On 14 April, when paragraph 5 of the draft Allocations Report stated

The estimated cost of the total project is £150m, to be funded as part of the University’s strategic capital planning budget.

Note, no reference to a transfer.

On 12 May, when paragraph 9 was in the above form. However, this significant change was not highlighted on the coversheet, and I missed it (much to one person’s apparent amusement), as maybe did some other members of the Council. Indeed, the matter was not discussed when the Allocations Report was approved, as might have been better.

However, I did raise the matter when the Council discussed matters approved by the Finance Committee by circulation, following the cancellation of its 30 April 2014 meeting. That the £150m transfer was approved (by circulation) does not appear in the Council’s Agenda or papers as far as I can tell. Yes, it was considered at other Finance Committee meetings, but for a decision of this magnitude, I am not convinced that the process has been ideal; especially approval by circulation, and then not flagging the matter at the relevant Council meeting.

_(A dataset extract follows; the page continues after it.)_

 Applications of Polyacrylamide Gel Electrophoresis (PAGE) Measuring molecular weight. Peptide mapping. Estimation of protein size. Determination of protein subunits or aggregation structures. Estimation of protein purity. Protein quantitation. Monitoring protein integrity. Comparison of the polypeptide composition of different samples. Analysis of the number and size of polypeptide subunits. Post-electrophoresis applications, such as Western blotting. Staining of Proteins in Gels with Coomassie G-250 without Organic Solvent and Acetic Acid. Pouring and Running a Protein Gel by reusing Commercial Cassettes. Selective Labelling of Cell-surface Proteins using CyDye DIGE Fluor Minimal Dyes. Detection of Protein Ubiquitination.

I should add that as a member of the Planning and Resources Committee (PRC) I knew that the matter was going to be discussed at the Finance Committee meeting on 30 April 2014. I then anticipated that there would be a full discussion at the Council during which the Council would be informed of the ‘extent of the recurrent income generated from those reserves’, and the effect on future budgets. That did not happen.

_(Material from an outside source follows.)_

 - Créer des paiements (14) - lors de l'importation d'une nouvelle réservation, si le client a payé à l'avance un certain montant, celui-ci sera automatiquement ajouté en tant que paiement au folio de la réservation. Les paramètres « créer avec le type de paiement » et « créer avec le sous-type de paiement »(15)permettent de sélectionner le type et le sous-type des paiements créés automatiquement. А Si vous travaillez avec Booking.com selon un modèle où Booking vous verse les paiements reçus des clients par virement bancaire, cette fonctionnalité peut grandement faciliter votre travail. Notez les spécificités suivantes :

Let me be clear. I am not objecting to the transfer, in fact I approve it since we have little choice, having failed to put money away for the biofacilities rainy day. I am objecting to the process by which the Council and the Regent House are being asked to approve matters. There are significant changes happening. Less than two years ago, the Capital Plan was based on a maximum borrowing limit of £100m. That was then raised to £150m. Then the University transferred (or if I was to be emotive ‘raided’) a further £150m from reserves. That is a 200% increase in effective ‘borrowing’ from £100m to £300m in less than two years, In my opinion there is very little wriggle room left for unexpected expenditure, and that will happen. Indeed, I refer members of the Regent House to a forthcoming Report approved for publication by the Business Committee on 19 May 2014 on the construction of an extension to the Wolfson Brain Imaging Centre for the Radiopharmaceutical Unit.1 Earlier today I could not find this building in the Capital Plan of 20 March 2014, and in the absence of a PRC meeting this month (like the Finance Committee, it was cancelled), and the urgency, this Report was approved by the Capital Projects Group at a meeting on 12 May 2014. The University and the Council should be assured that there is adequate wriggle room.

Report of the General Board, dated 30 April 2014, on the establishment of a Professorship of Climate Change Economics and Policy (Reporter, 6346, 2013–14, p. 514).

No remarks were made on this Report.